Я промолчал. Колун пошевелил плечами, выдвинул верхний ящик и с кряхтеньем стал выкидывать на стол упакованные в пачки купюры и боны. Груда росла, росла. Радость, свет волной прошли по комнате. Покрытое пылью стекло на портретах и то просияло.
– Нет.
– Я предлагаю огромные деньги. Ты мне можешь объяснить, почему отказываешься?
– Потому что только одна вещь на свете дороже денег.
– Так ты хочешь власти? – мгновенно среагировал Колун и набычился.
Нужно было побыстрее исправлять ситуацию, пока меня действительно не тюкнули. Из-за угла.
– Я слышал, вы охотитесь, – начал я осторожно. – Вот представьте: спускаете на… на зайчика натасканную собаку, а потом кричите ей: «Назад!» Раз, другой… А на третий собака просто сдохнет от разрыва сердца. Потому что собака такую вещь, как государственная необходимость, не может трактовать гибко, у неё государственная необходимость одна, всегда одна и та же. Я делаю свою работу до конца, не умею по-другому. А если Родина хочет, чтобы я подох, пусть прилагает усилия сама. Лучше башка проломленная, чем в радостные прямой дорогой.

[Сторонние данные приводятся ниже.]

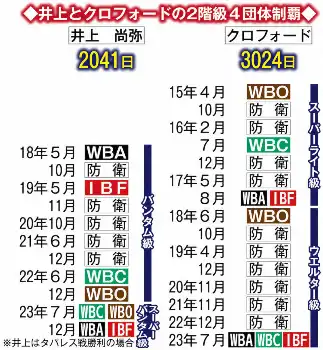 井上とクロフォードの2階級目4団体制覇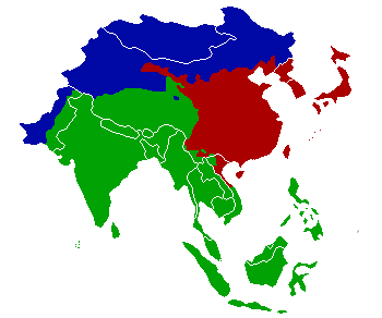 English: Map of the historic distribution of writing system or characters usage in Asia.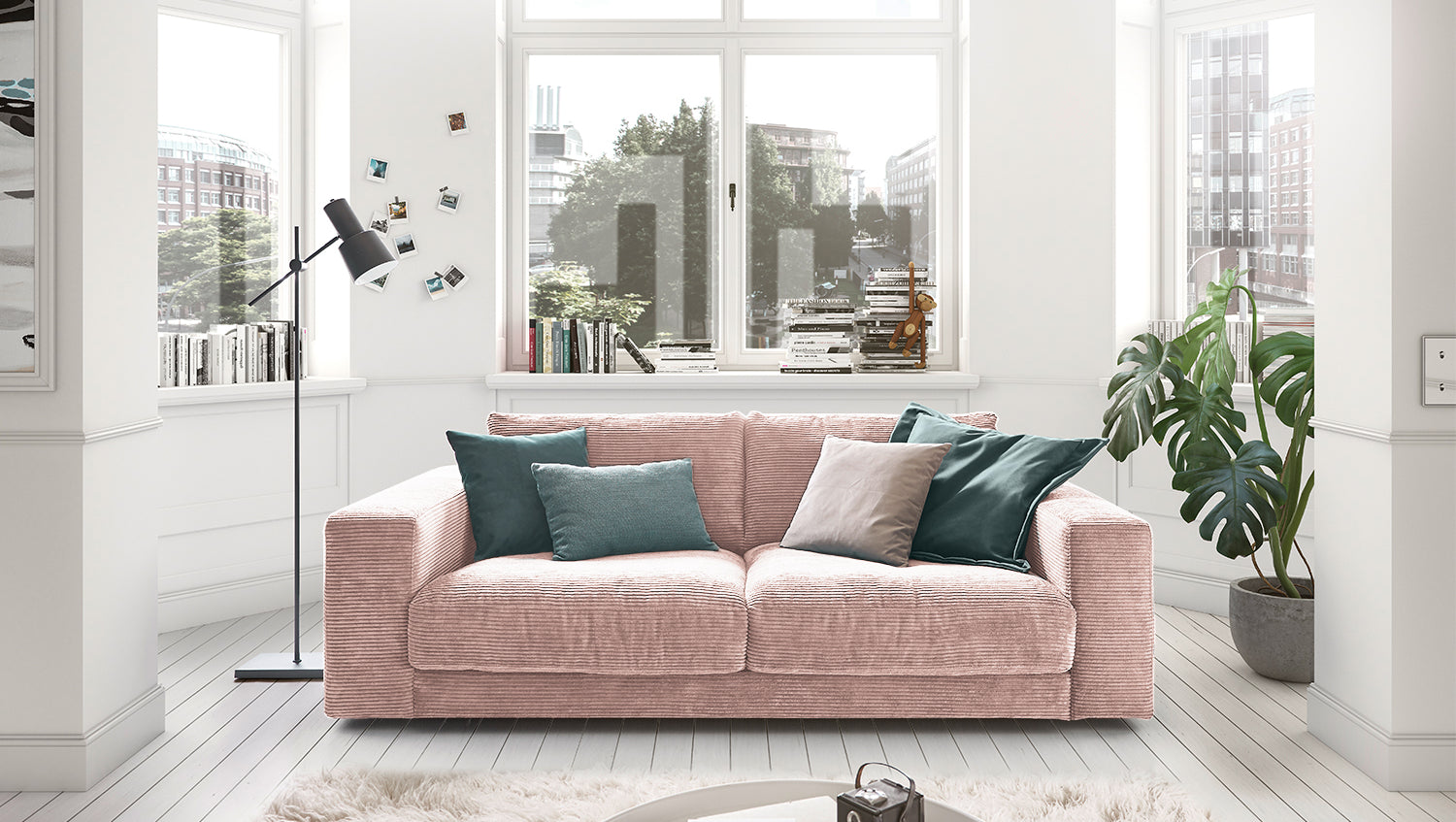 KAWOLA Sofá MADELINE 2 plazas pana rosa
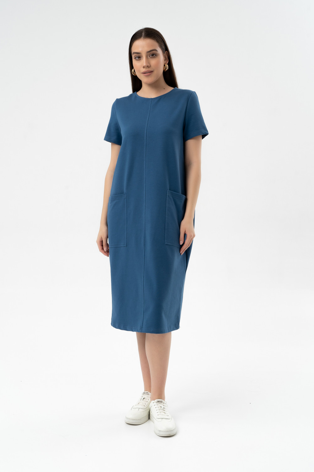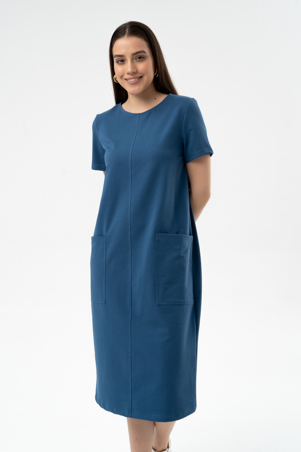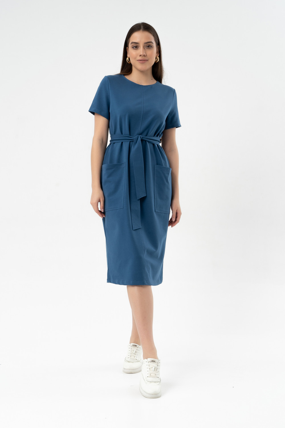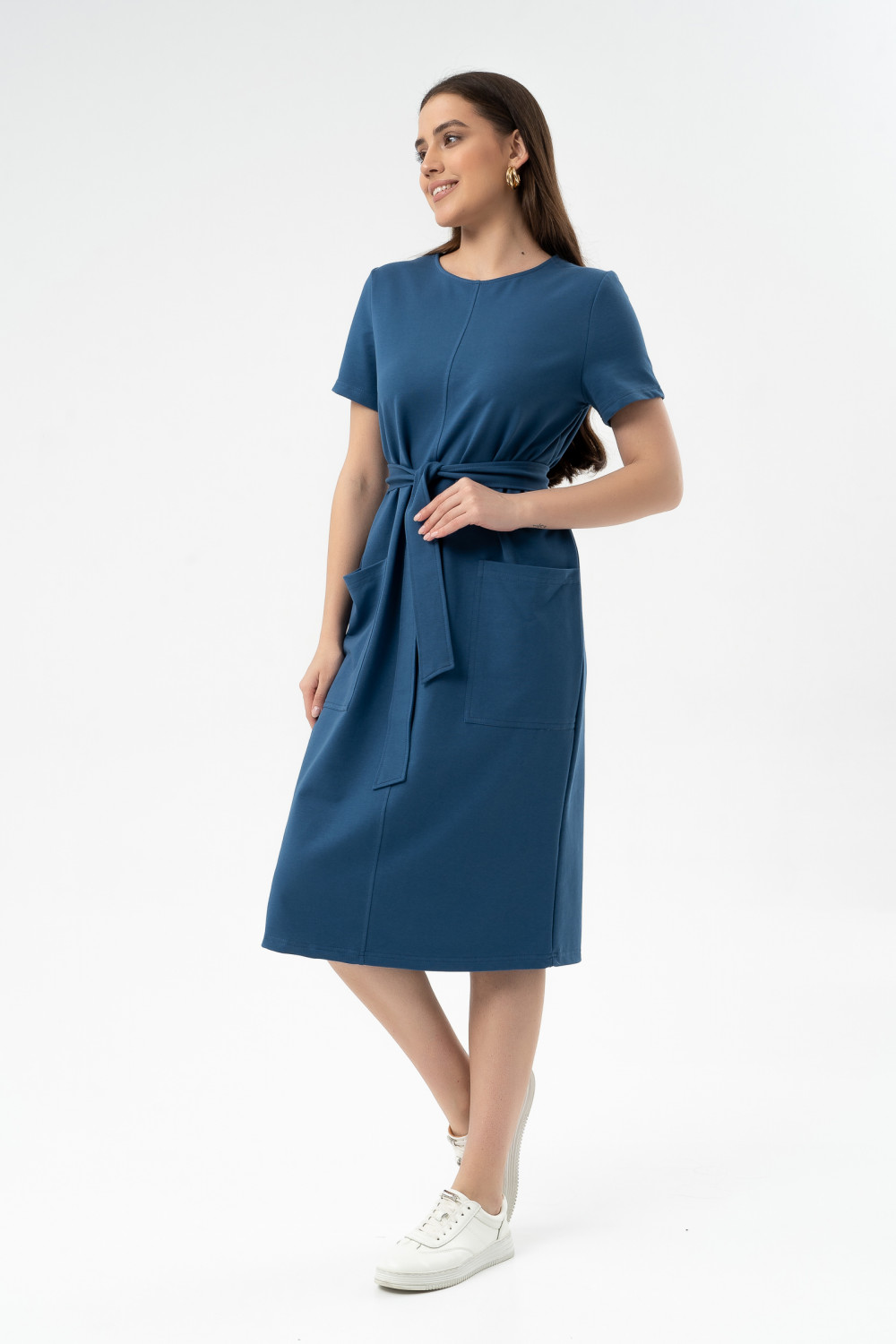 Модное объемное платье из лёгкого хлопкового футера длиной ниже колена с накладными карманами - тренд этого сезона. Рукава втачные короткие. Мягкий трикотаж, съемный пояс — это то, что вам нужно, чтобы выглядеть неотразимо. Спереди шов с декоративной отсрочкой. Это платье станет идеальным дополнением вашего базового гардероба. Легкий материал прекрасно "дышит" и хорошо впитывает влагу. Для изготовления изделий “SoloMio“ используются только самые лучшие и качественные материалы.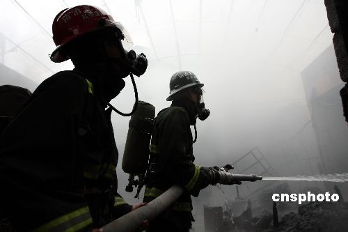 4月20日5時34分,安徽省濉溪縣虎山路東側口子批發(fā)市場附近一漁畜具倉庫發(fā)生火災。淮北市消防支隊先后調(diào)動3個中隊9輛消防水罐車、2輛消防指揮車, 80名官兵前往火場滅火。明火于早晨8時被撲滅。此次火災過火面積150平方米左右,無人員傷亡。在撲救過程中,共搶救危險品8桶桐油、6罐氧氣瓶,疏散被困人員近200人。目前火災損失和起火原因正在進一步調(diào)查中。中新社發(fā) 萬善朝 攝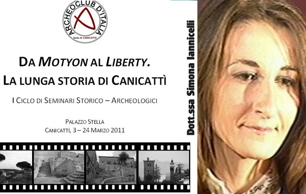 L’archeoclub d’Italia sezione di Canicattì, associazione onlus che da anni opera per la divulgazione, la salvaguardia e la valorizzazione del patrimonio storico-artistico del territorio, organizza il I°Ciclo di Seminari storico – archeologici dal titolo “Da Motyon al Liberty: la lunga storia di Canicattì” che si svolgeranno ogni giovedì dal 3 al 24 marzo 2011, nella Sala Convegni di Palazzo Stella. “Questo evento, che vede coinvolti archeologi, ingegneri ed architetti, intende favorire la conoscenza di beni culturali e storico artistici poco conosciuti ma fondamentali nella storia di Canicattì: dal primo insediamento greco-romano, passando per il castel Bonanno ed il palazzo La Lomia, fino a giungere alla grandiosità del Liberty canicattinese, queste le tappe di un viaggio affascinante che riporterà alla mente di quanti vorranno partecipare i fasti di un glorioso passato-fa sapere la Presidente dell’Associazione Simona Iannicelli”. Agli iscritti verrà rilasciato attestato di partecipazione valido ai fini curriculari spendibile dagli studenti , dai docenti e dagli aspiranti esperti esterni quale titolo culturale ad esempio nei bandi di selezione PON e POR. A tutti gli iscritti verranno consegnati il materiale utile alla frequenza, testi informativi sul paese di Canicattì e d inoltre gli atti dei seminari., redatti dai relatori. Per iscrizioni, info e costi contatti in locandina. Si avvisa che è possibile iscriversi anche durante il primo incontro.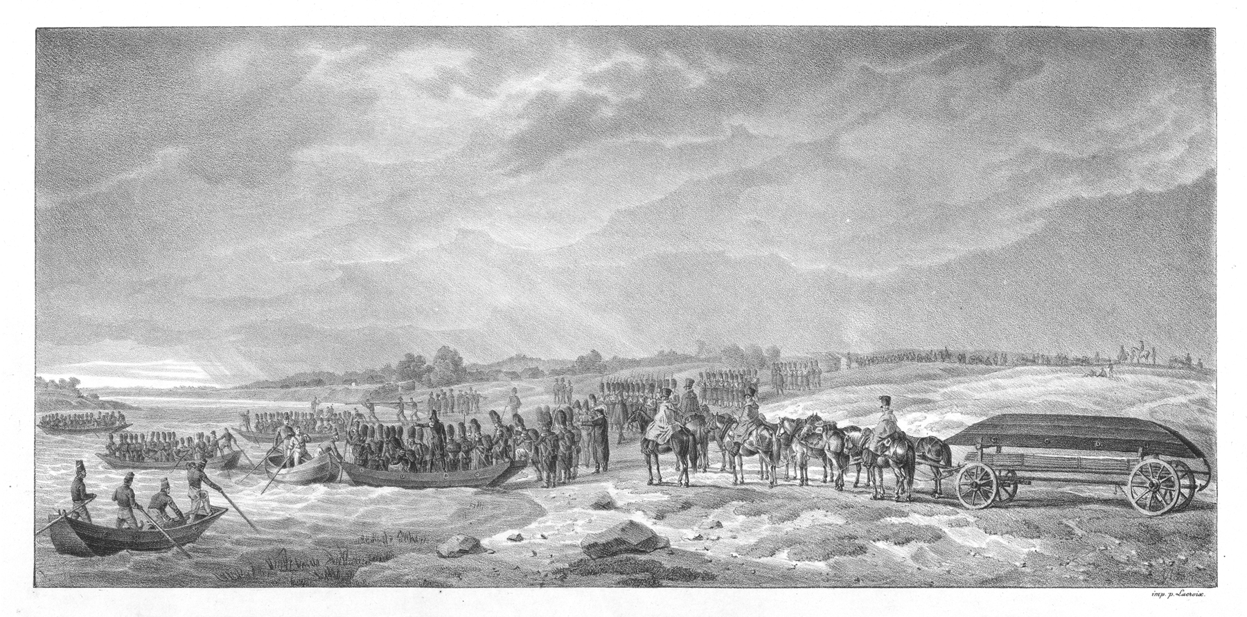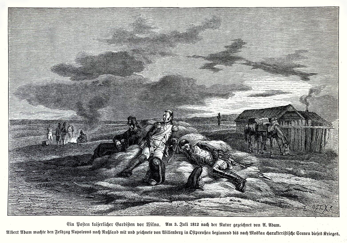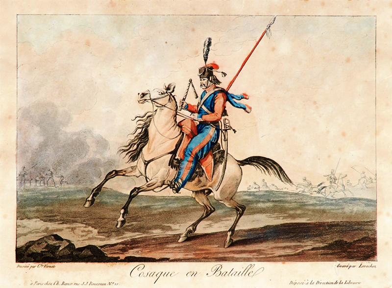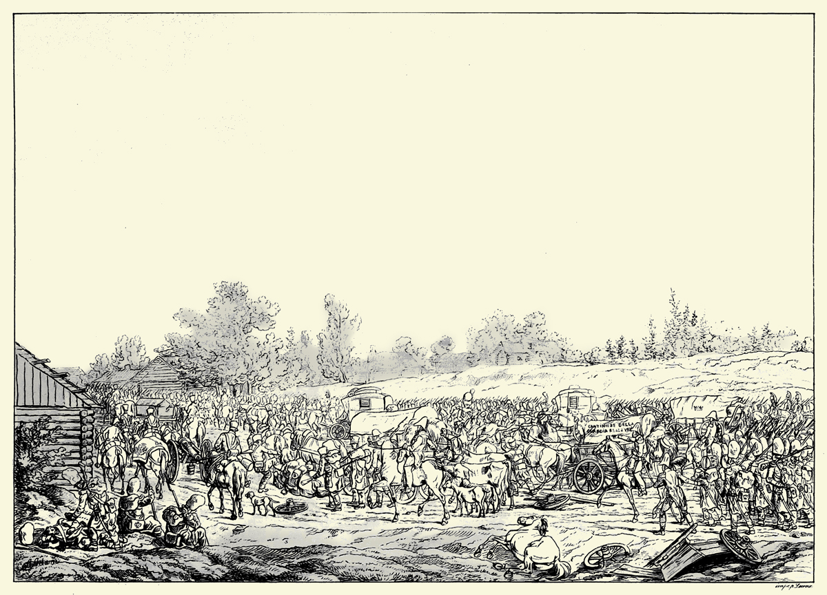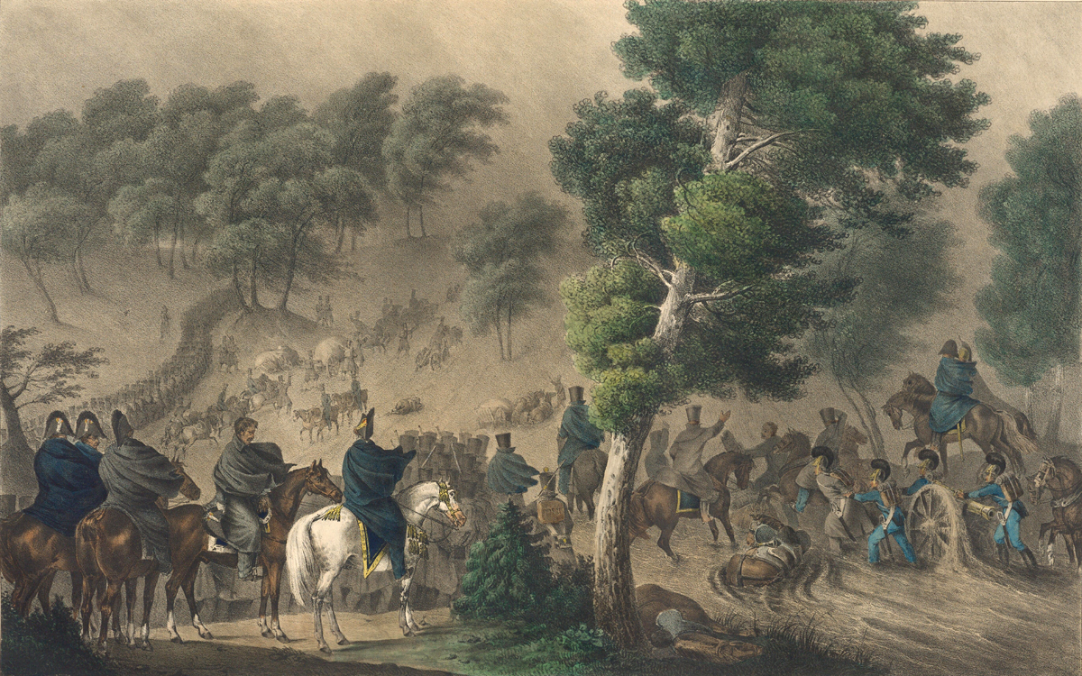 Kupfer-Stich von J.M. Darmet aus dem Atlas-Band "Histoire militaire de la campagne de Russie en 1812" von D.P. Boutourlin in der Sammlung der »Allrussischen staatlichen Bibliothek für ausländische Literatur. M.I. Rudomino« (Moskau, RUS).

Для охоты на окраину Джунглей вывозили, как правило, кого-то из радостных, или пойманного живым авиатора, или должника, которого хотели проучить, – конченое существо, за чью жизнь не вступится ни человек, ни организация. Их выпускали в лесок и, обождав и промочив горло, шли по следу. Вволю изгваздавшись по болотам, извалявшись в грязи, располосованные кусками арматуры и бетона, очень часто – сломав ногу или руку в непроходимой гуще кустов и камней, провалов, ям, затравив наконец добычу собаками, охотники прямо на месте накрывали поляну, очень много пили и ели, очень громко кричали и до того необузданно мерялись, что главврач больницы уже автоматически снаряжал под вечер «скорую».
– Вот, значит, как… Ну пусть так… Надо будет тебя взять как-нибудь, поохотиться, значит. Только зря думаешь, будто ты единственная собака на свете. В русле аналогии, так?
– Не найти вам сейчас нового разноглазого.
Он опять пошевелился под пиджаком, бросил на меня последний испытующий взгляд и стал кидать бабло обратно в ящик, буркнув:
– Говорят, у китайцев есть на севере.
– У китайцев?
– А они что, не люди, по-твоему? И души у них есть, и… эти… Ты понял. А где… гм… эти… там и ваш брат.
– Китайцу-то с севера фриторговскими бонами не заплатишь. Кстати, с вас причитается за консультацию.
– Это ещё вопрос, кто кого консультировал.
– Вопрос не вопрос, а платить вам.
Когда Колун меня отпустил, я вышел в коридор и огляделся: ни души. Ни голосов, ни отдалённого бега каблуков по лестнице; жизнь распалась на комки, а те сжались по углам, не чувствуя себя ни жизнью, ни прахом. Безобразные плоские лампы лили мёртвый свет на тусклый линолеум пола. Линолеум был разрисован под паркет, оштукатуренные стены – под мрамор. Густо пах застоявшийся воздух.